Return all of the entries exactly, but do not include the pictures.
+ + + +
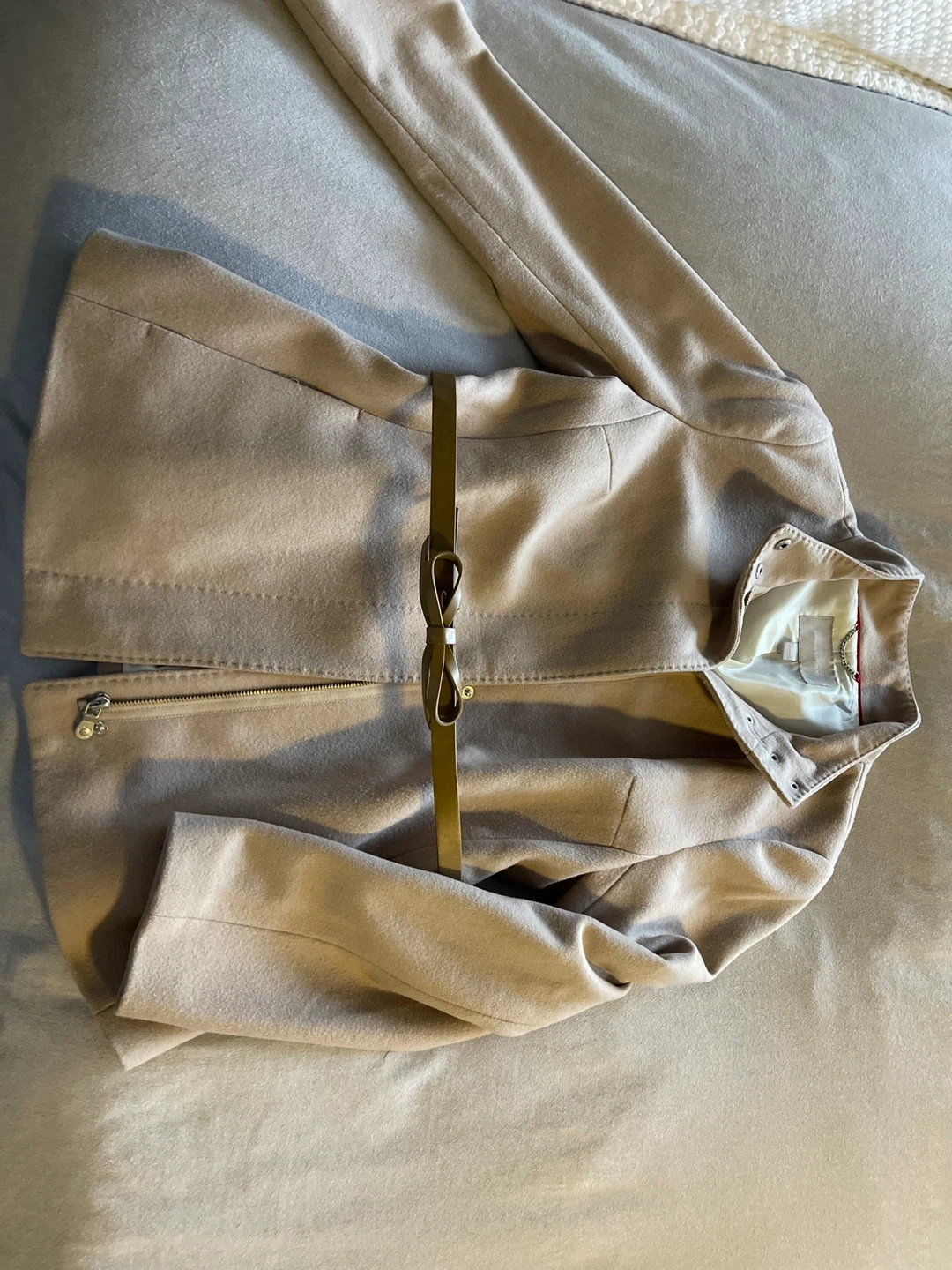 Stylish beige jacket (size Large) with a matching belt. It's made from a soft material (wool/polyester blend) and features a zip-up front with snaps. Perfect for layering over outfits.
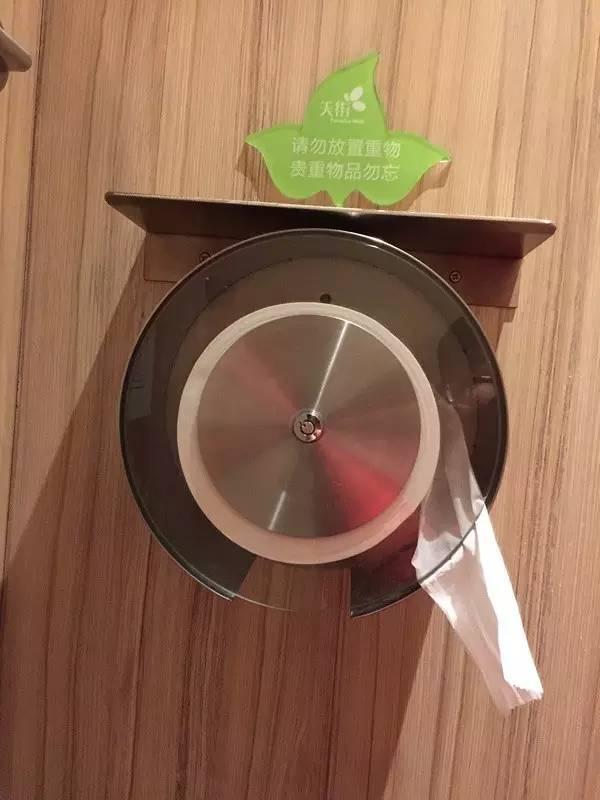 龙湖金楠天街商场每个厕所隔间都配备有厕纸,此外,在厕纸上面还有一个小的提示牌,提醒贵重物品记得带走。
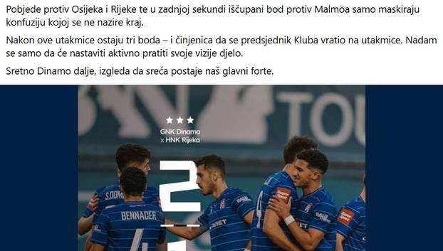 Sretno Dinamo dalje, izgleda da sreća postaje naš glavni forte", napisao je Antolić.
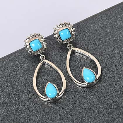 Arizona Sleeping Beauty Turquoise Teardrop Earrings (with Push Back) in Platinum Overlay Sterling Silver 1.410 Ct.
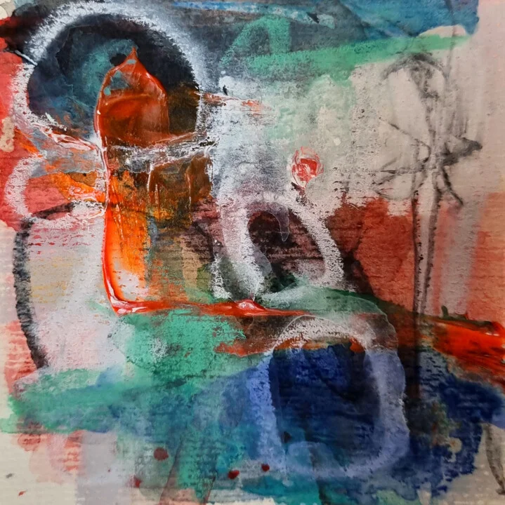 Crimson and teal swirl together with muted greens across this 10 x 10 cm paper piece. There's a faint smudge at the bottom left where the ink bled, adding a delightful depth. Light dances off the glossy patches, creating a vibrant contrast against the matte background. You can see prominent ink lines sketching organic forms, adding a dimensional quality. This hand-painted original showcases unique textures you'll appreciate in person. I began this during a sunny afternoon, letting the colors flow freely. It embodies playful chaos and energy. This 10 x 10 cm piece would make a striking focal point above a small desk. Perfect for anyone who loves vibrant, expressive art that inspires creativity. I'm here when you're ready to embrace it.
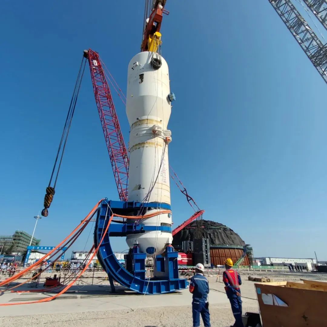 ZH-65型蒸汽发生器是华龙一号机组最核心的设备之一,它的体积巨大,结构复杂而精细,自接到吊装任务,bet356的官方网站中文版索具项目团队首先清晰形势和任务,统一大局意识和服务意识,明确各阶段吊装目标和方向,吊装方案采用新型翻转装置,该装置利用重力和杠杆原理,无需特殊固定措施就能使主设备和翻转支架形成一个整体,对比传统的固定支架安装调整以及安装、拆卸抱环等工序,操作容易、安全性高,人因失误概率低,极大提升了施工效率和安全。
+ + + +
▶ COMPLETED TASK
 Stylish beige jacket (size Large) with a matching belt. It's made from a soft material (wool/polyester blend) and features a zip-up front with snaps. Perfect for layering over outfits.
 龙湖金楠天街商场每个厕所隔间都配备有厕纸,此外,在厕纸上面还有一个小的提示牌,提醒贵重物品记得带走。
 Sretno Dinamo dalje, izgleda da sreća postaje naš glavni forte", napisao je Antolić.
 Arizona Sleeping Beauty Turquoise Teardrop Earrings (with Push Back) in Platinum Overlay Sterling Silver 1.410 Ct.
 Crimson and teal swirl together with muted greens across this 10 x 10 cm paper piece. There's a faint smudge at the bottom left where the ink bled, adding a delightful depth. Light dances off the glossy patches, creating a vibrant contrast against the matte background. You can see prominent ink lines sketching organic forms, adding a dimensional quality. This hand-painted original showcases unique textures you'll appreciate in person. I began this during a sunny afternoon, letting the colors flow freely. It embodies playful chaos and energy. This 10 x 10 cm piece would make a striking focal point above a small desk. Perfect for anyone who loves vibrant, expressive art that inspires creativity. I'm here when you're ready to embrace it.
 ZH-65型蒸汽发生器是华龙一号机组最核心的设备之一,它的体积巨大,结构复杂而精细,自接到吊装任务,bet356的官方网站中文版索具项目团队首先清晰形势和任务,统一大局意识和服务意识,明确各阶段吊装目标和方向,吊装方案采用新型翻转装置,该装置利用重力和杠杆原理,无需特殊固定措施就能使主设备和翻转支架形成一个整体,对比传统的固定支架安装调整以及安装、拆卸抱环等工序,操作容易、安全性高,人因失误概率低,极大提升了施工效率和安全。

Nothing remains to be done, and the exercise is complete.